街探シリーズ<10>石神井側川沿いの低地から石神井台の高台を歩く(後編)

武蔵関というのは、駅の名称であり、古来この地区は「関」と呼ばれてきた。江戸時代は武蔵国豊島郡関村であり、いくつかの変遷を経て、昭和24年に東京都練馬区関町となり、昭和53年のは関町が、関町北、関町南、関町東に住所表記が分かれた。つまり、この地域はもともと「関」と呼ばれており、関町となったのは比較的最近のことだ。
ちなみに大きな区分では、関町は石神井の一部と考えられる.「関」という地名になったのも豊島氏が石神井城の守りを固めるため、関所を置いたからである。

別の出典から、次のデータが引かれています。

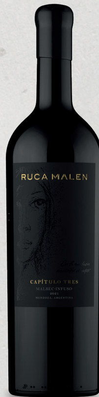
CAPÍTULO TRES Malbec Infuso 2021

また青梅街道を挟んで南が武蔵野市関前だが、これは武蔵野村関前が、「関村」の分村として発足したからだといわれている。
ところで、石神井エリアは最初は、石神井川の流域から発展していった。それは石神井川流域から様々な遺跡が発見されていることからも明らか。時代が下るにつれて、有力者が高台に館を作り、武器を蓄え地主(領主)化していった。この地域もまさに、そのような推移をたどっていったようだ。
いま、豊島氏が築いたとされる石神井城は、氷川神社になっているが、そこと石神井川流域は、かなりの高低差があり、攻める側からすれば、高台に向かって攻めるのは至難の技だ。逆に豊島氏にすれば、石神井川と富士見池を自然の堀とし、川のこちら側に関所を置いて守れば、一定の防御網を敷くことが出来る。

石神井台に聳えるオザキフラワーパーク

事実、テイクアウトの「茶の子」から西武新宿線の線路に沿って、しばらく行くと東京女子学院と年末のボロ市で有名な本立寺に行き会う。そこを過ぎて広い道を左に入ってしばらく行くと、青梅街道のバイパスとして開発された新青梅街道に此処を
ここを新宿方向に右手にしばらく行く間には、大型のラーメン店や和風ファミリーレストランの「郷」や「焼肉きんぐ」など、手軽に食事が摂れる店舗が続く。そして、およそ1kmほどいった交差点にあるのが、サミットストアをテナントにした「オザキフラワーパーク」だ。
もともと同地で農業を営んでいた尾崎家は、高度成長期には、練馬区が都市化されてきたこともあり、シクラメンなどの花卉栽培農家だった。そして、シクラメンがクリスマスの花として人気になるとともに、近辺に住んでいる人がたくさん「売ってほしい」と来るようになったため、いっそのこと生産から販売に転換しよういうことになった。
それが時代の節目である昭和45年(1970)のこと。おりしも持ち家を購入する家庭が増え、自宅に花を飾ったり、観葉植物を置く園芸ブームが起こった。そうした変化に対応して、オザキフラワーパークは街の園芸店とは一線を画し、全国的に見ても有数の規模の総合的グリーンショップに成長していった。
同店を特徴づけるのは、なんといっても2階の観葉植物売場だ。これは2代目の尾崎社長が仕入れた観葉植物がある時、一度に納品され、売場がないので、2階を整理して鬱蒼とした観葉植物売場を作ったのが最初。そのうちお客が、オザキフラワーパークに行ったら「ジャングル」があったと口コミで伝えてくれるようになり、一気に知名度がアップした。今では、同店は「植物園で観葉植物や園芸用品が買える店舗」と言われるまでになった。

オザキフラワーパークと公園群が形成する緑の空間

同店は1階の花苗売場から2階の観葉植物、園芸用品と園芸やガーデニング関連の用品ではないものはないほどの品揃えで、園芸愛好家にとっては時間を忘れてしまう店舗だ。テナントで入っているサミットストア石神井台店に品揃えされている商品までもが、ナチュラルなイメージがするほどだ。
かつて豊島氏が石神井城と関所で根拠地とした石神井荘は、今ではオザキフラワーパークを核にして、その周辺に石神井公園、善福寺公園、武蔵関公園、井の頭公園など、緑豊かな公園を配した「グリーンパラダイス」を形成している。元気があれば、オザキフラワーパークで花苗や洋品を購入するだけではなく、すぐ近くの武蔵関公園や石神井公園で、自然の花や木と話しをしたいものだ。